[Information provided]

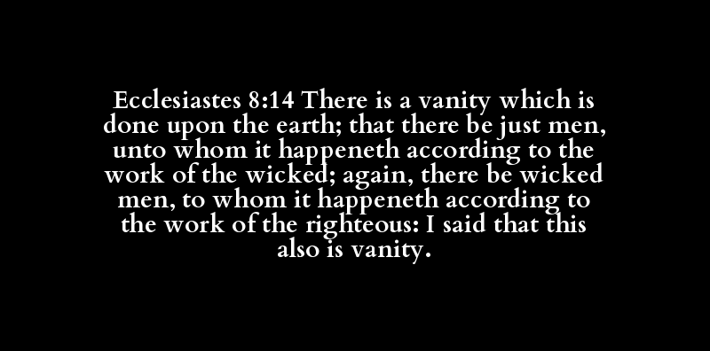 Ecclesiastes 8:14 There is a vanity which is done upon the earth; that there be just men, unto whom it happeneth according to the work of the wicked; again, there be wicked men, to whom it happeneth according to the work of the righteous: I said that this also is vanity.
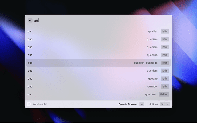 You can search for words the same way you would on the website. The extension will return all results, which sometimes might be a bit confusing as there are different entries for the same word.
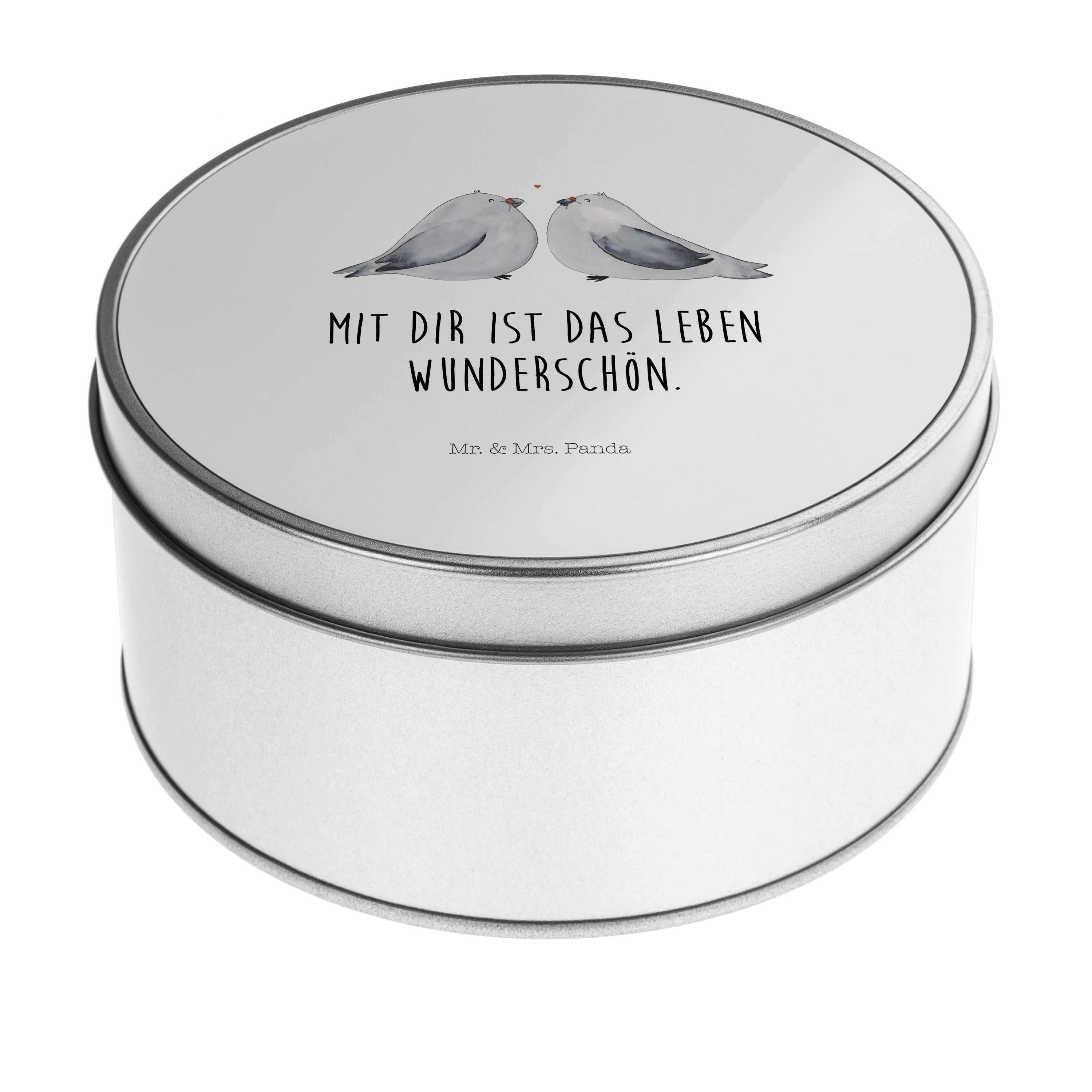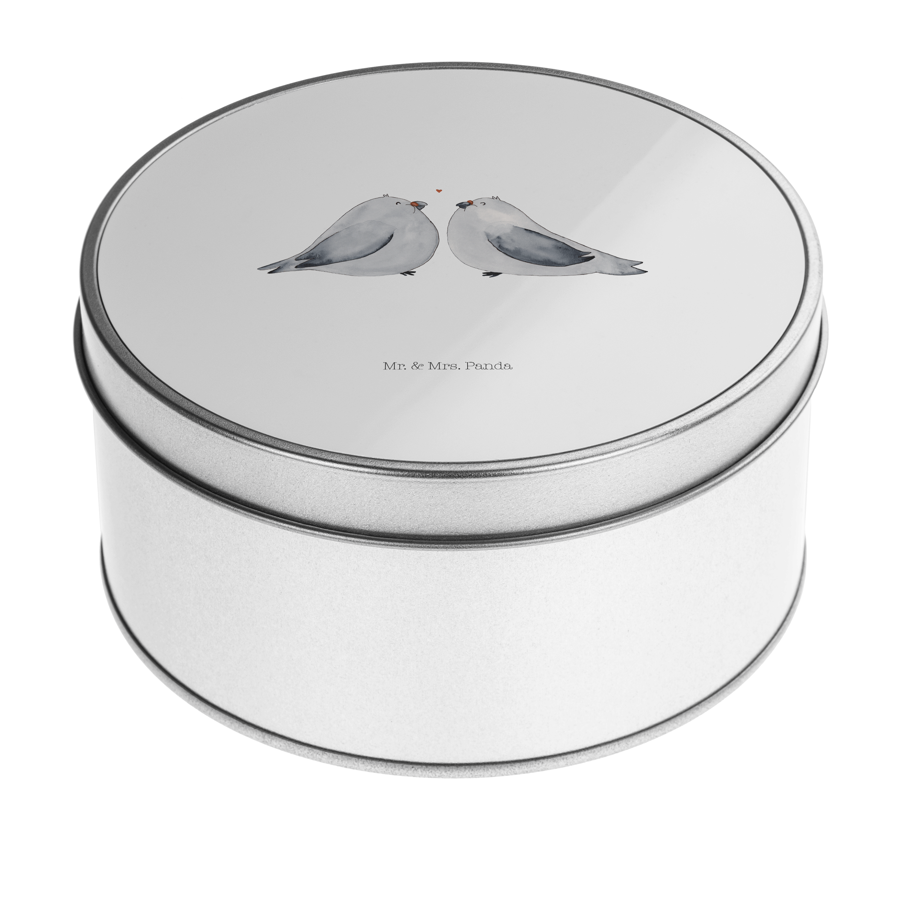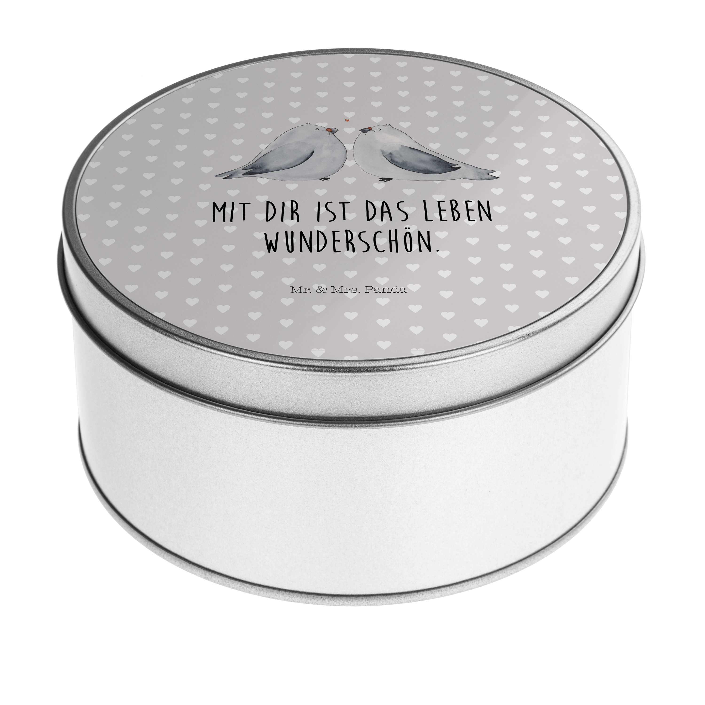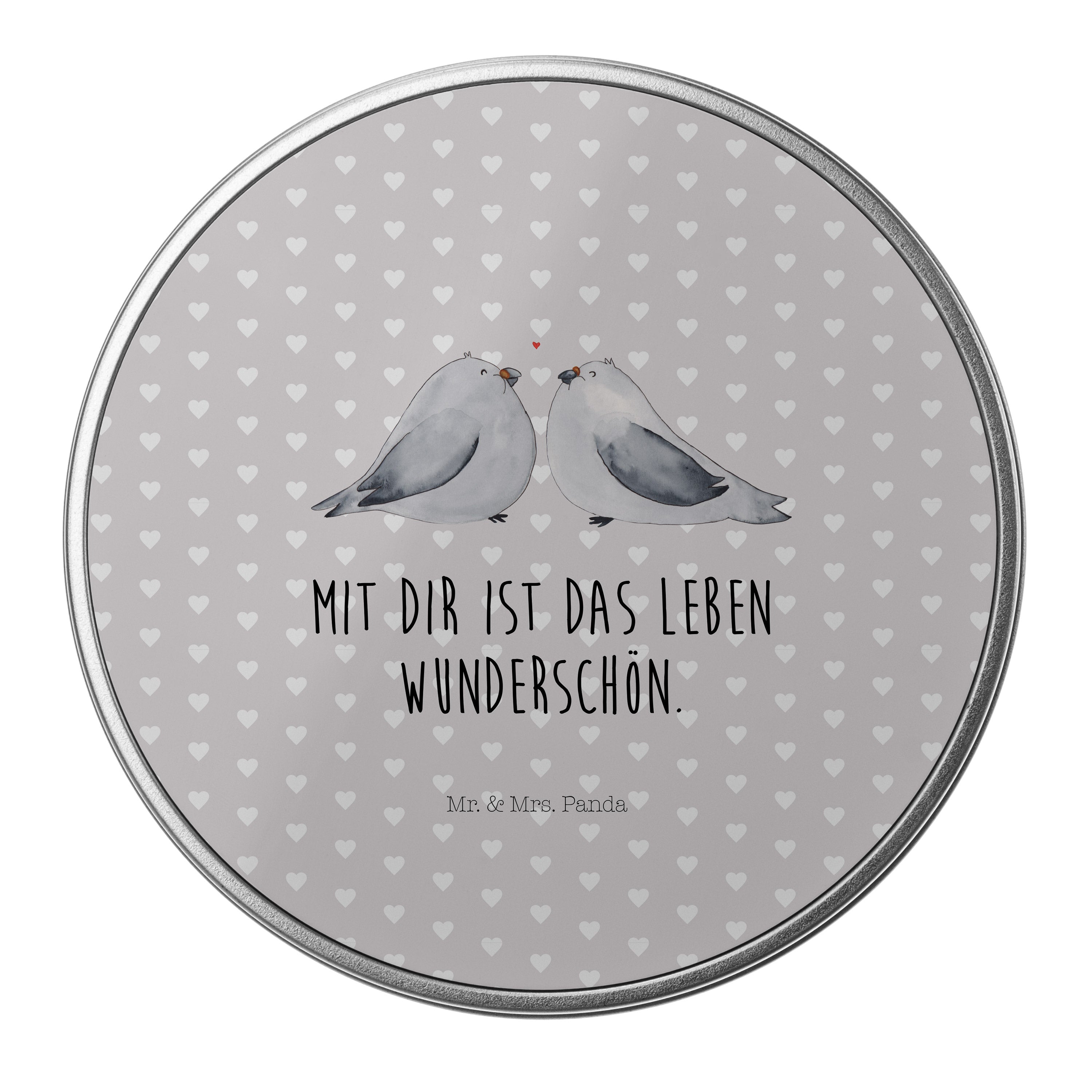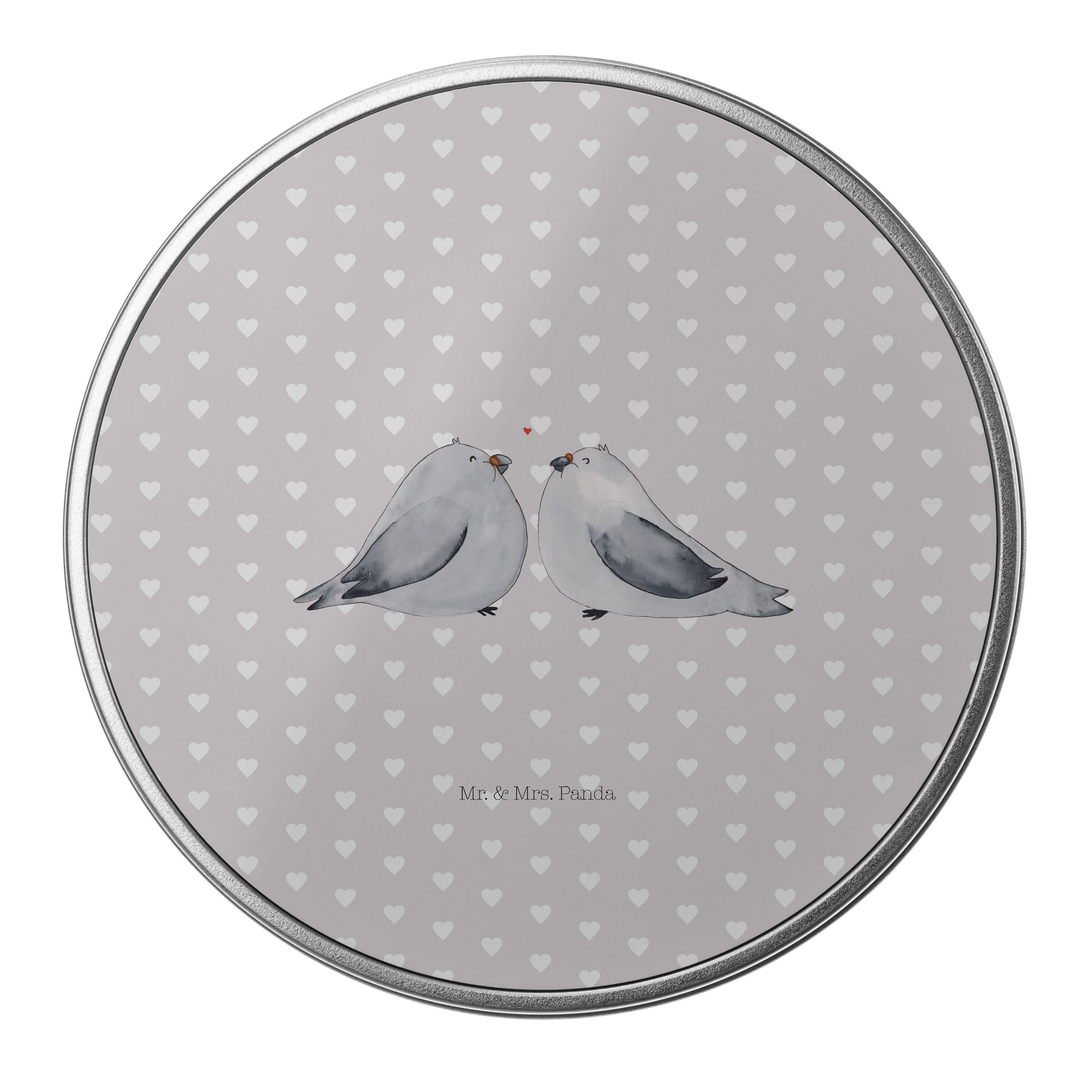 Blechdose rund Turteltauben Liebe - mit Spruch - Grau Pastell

[/Information provided]

The required output is each line above restated verbatim, with all images omitted.

Exercise response
 Ecclesiastes 8:14 There is a vanity which is done upon the earth; that there be just men, unto whom it happeneth according to the work of the wicked; again, there be wicked men, to whom it happeneth according to the work of the righteous: I said that this also is vanity.
 You can search for words the same way you would on the website. The extension will return all results, which sometimes might be a bit confusing as there are different entries for the same word.
 Blechdose rund Turteltauben Liebe - mit Spruch - Grau Pastell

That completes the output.